# Newbie North Wales



## Jim77 (6 Sep 2008)

I am looking to get into MTBing. i live in north wales and i was wondering if anyone could recommend some good newbie routes. i am pretty unfit at present so i am looking for stuff with a minimum of climbs to begin with.

cheers.
jim


----------



## john59 (6 Sep 2008)

Jim77 said:


> I am looking to get into MTBing. i live in north wales and i was wondering if anyone could recommend some good newbie routes. i am pretty unfit at present so i am looking for stuff with a minimum of climbs to begin with.
> 
> cheers.
> jim



http://ridetheclwyds.com/rideclwyds/the_routes.asp


John


----------



## Jim77 (6 Sep 2008)

great thanks.


----------



## bonj2 (6 Sep 2008)

coed y brenin (rules)
penmachno (never been there but apparently very good)


----------



## bonj2 (6 Sep 2008)

edit: dunno what coed y brenin's like for beginners, you did say "newbie" routes. It has got blue and green routes though, which I'm sure are pretty good, also the 'tawr/temtiwr' trail isn't THAT hard. Also try llandegla which is near ruthin/


----------



## Jim77 (7 Sep 2008)

Great thanks. 

When it says 'technical' what does it mean exactly? I assume it means rocky bits does it?

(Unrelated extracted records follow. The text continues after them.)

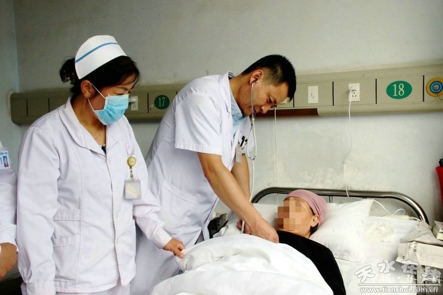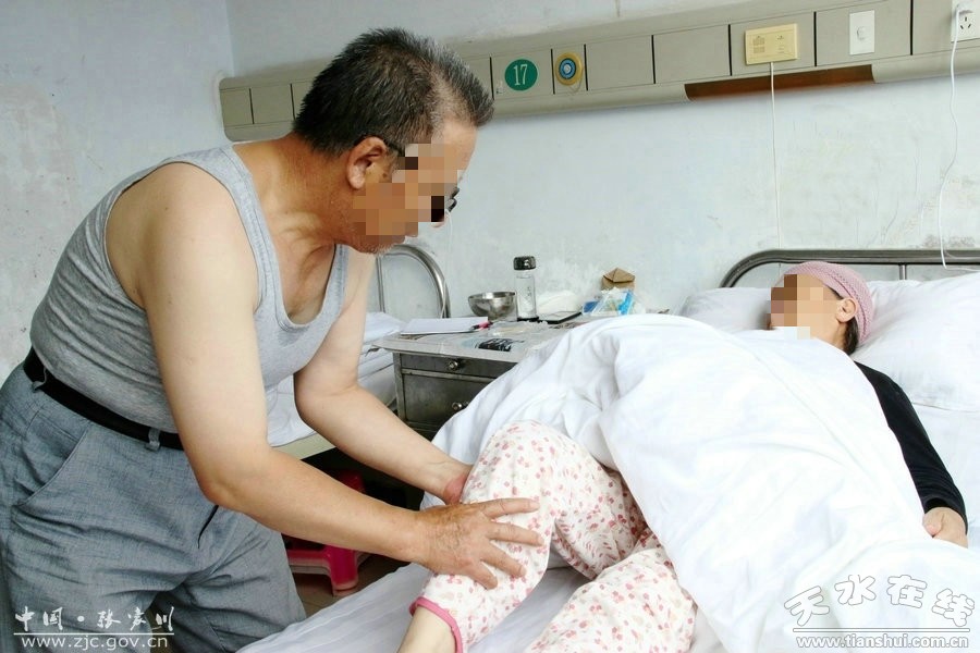 “手術(shù)做了才半個(gè)月時(shí)間,沒(méi)想到老伴兒現(xiàn)在已經(jīng)能自己翻身,并且腰部和腿上疼痛明顯緩解。手術(shù)前我們一家人做了最壞的打算,就算手術(shù)失敗,后半生癱瘓?jiān)诖惨惨,因(yàn)楫?dāng)時(shí)老伴兒被病痛折磨的實(shí)在看不下去了……”馬秀英的丈夫馬振科一邊抹著眼淚一邊訴說(shuō),“我們?nèi)胰藦男牡赘屑ぬm州來(lái)的溫大夫和我們縣醫(yī)院的劉鵬中大夫,還有手術(shù)后悉心照顧我老伴兒的護(hù)士,是他們解除了我老伴兒的病痛和我們一家人的‘病痛’,給了她第二次生命!”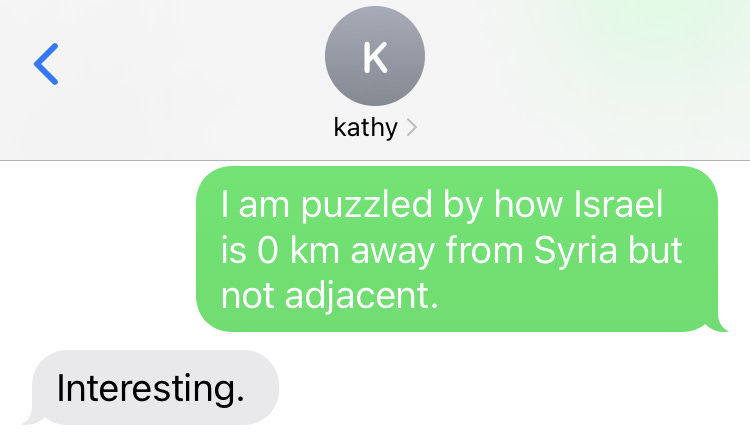 Two: Knowledge. Not in the obvious way. With Wordle, for example, it’s a pretty rare word that I can’t recognize. Even if COPSE shows up, I’ll be ready for it. But I might look up (and share) an etymology. And with the geography games, untold questions arise far beyond where nations are. Like the number of migrants in Qatar. Or, What is West Sahara? (which Worldle recognizes but Globle does not). Why is Suriname independent but French Guiana is not? Why is the main language of Equatorial Guinea Spanish, yet its currency is the Franc?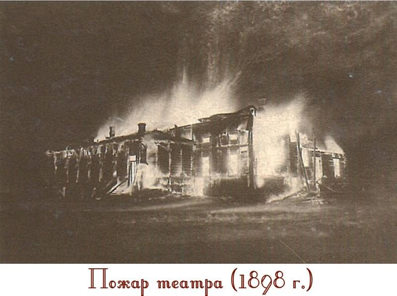 В ночь с 14 на 15 октября 1898 года здание театра сгорело дотла. Официальная причина пожара неизвестна, однако незадолго до происшествия свечное освещение поменяли на электрическое. Красноярцы не желали оставаться без театра и начали сбор денег на строительство нового здания, на этот раз каменного. Его решили построить на Воскресенской улице (ныне проспект Мира).

I am more worried about hard climbs to be honest as i know my fitness isn't great. so any routes that are good for weaklings would be best! Would quite like something scenic too.


----------



## bonj2 (7 Sep 2008)

Jim77 said:


> Great thanks.
> 
> When it says 'technical' what does it mean exactly? I assume it means rocky bits does it?


basically yeah.


----------



## Globalti (8 Sep 2008)

My advice: go and buy one of these; the country is a maze of good rideable trails:


----------



## ratty2k (8 Sep 2008)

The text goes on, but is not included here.